Just about two more weeks. That'll be the best Halloween ever. Also, +1 and thanks for the comforting clarification ;). –  Jesko Hüttenhain Oct 15 '13 at 16:21

2 Answers 2

up vote 6 down vote accepted

Here is the sort of example I think Jason Starr was raising. (I looked at Brian's webpage, but it wasn't obvious which paper to read.) Take $k$ to be a perfect field of characteristic $p$, with $p \neq 0$, $2$. Let $A = k[x,y]/(y^2-x^p)$. The normalization of $A$ is $\tilde{A} = k[t]$, with $y=t^p$ and $x=t^2$.

Let $G$ be the group scheme with underlying space $k[\epsilon]/\epsilon^p$ and multiplication given by the map $\epsilon \to \epsilon \otimes 1 + 1 \otimes \epsilon$. If, like me, you prefer to think in terms of functors of points, $G(R) = \{ \epsilon \in R : \epsilon^p =0 \}$ and the multiplication map $G(R) \times G(R) \to G(R)$ is $(\epsilon_1, \epsilon_2) \mapsto \epsilon_1 + \epsilon_2$.

Let $G(R)$ act on $A(R)$ by $(\epsilon, (x,y)) \mapsto (x+2 \epsilon, y)$. If you prefer maps of algebras, $x \mapsto 1 \otimes x + 2 \epsilon \otimes 1$, $y \mapsto 1 \otimes y$. I claim that this action does not lift to $\tilde{A}$. Suppose, to the contrary, that $t \mapsto 1 \otimes t_0 + \epsilon \otimes t_1 + \cdots + \epsilon^{p-1} \otimes t_{p-1}$, with the $t_i \in k[t]$. Writing out that the action must preserve the relation $t x^{(p-1)/2} = y$ gives $$ \left( 1 \otimes t_0 + \epsilon \otimes t_1 + \cdots \right) (1 \otimes t^2 + 2 \epsilon \otimes 1)^{(p-1)/2} = 1 \otimes t^p $$

Equating the coefficients of $1$ and $\epsilon$ gives $t_0 t^{p-1} = t^p$ and $t_1 t^{p-1} + (p-1) t_0 t^{p-3} = 0$. So $t_0=t$ and $t_1 = 1/t$. But $1/t$ isn't in $k[t]$.

Morally, the action wants to be $(\epsilon, t) \mapsto t \sqrt{1+2\epsilon t^{-2}}=1+\epsilon t^{-1} - (1/2) \epsilon^2 t^{-3} + \cdots $. The trouble is that $\left( t \sqrt{1+2\epsilon t^{-2}} \right)^k$ is in $k[t, \epsilon]/\epsilon^p$ when $k$ is even or is $\geq p$, but not in general.


This can never occur when $G$ is normal.
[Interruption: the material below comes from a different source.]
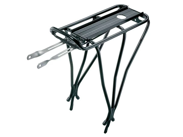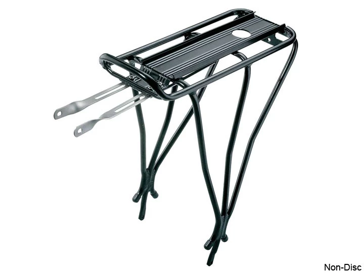 Strong tubular aluminum rack with QuickTrack™ system for all Topeak MTX TrunkBags and MTX Rear Baskets. Fast, easy mounting of BabySeat™ II without use of tools. Rack is designed for compatibility with disc brakes.

Over a field of characteristic zero, all group schemes are regular, and regular implies normal, so there are no examples over a field of characteristic zero.

Recall the universal property of normalization: For any normal variety $Y$, the induced map $\mathrm{DomHom}(Y, \tilde{X}) \to \mathrm{DomHom}(Y,X)$ is bijective, where $\mathrm{DomHom}$ is the dominant homomorphisms.

Proof: If $G$ is normal, then $G \times \tilde{X}$ is normal. We have a map $G \times \tilde{X} \to G \times X \to X$, where the first map is $\mathrm{Id} \times \phi$ and the second map is the group action. By the universal property of the normalization, there is a map $G \times \tilde{X} \to \tilde{X}$ making the obvious diagram commute. We claim that this map gives an action of $G$ on $\tilde{X}$.

Consider the two maps $G \times G \times \tilde{X} \to \tilde{X}$. We must show they are equal. Again, by the universal property of normalization, it is enough to show that the two compositions $G \times G \times \tilde{X} \to X$ are equal. But these are the same as $G \times G \times \tilde{X} \to G \times G \times X$, follwed by the two maps $G \times G \times X \to X$, and these are equal because $G$ acts on $X$.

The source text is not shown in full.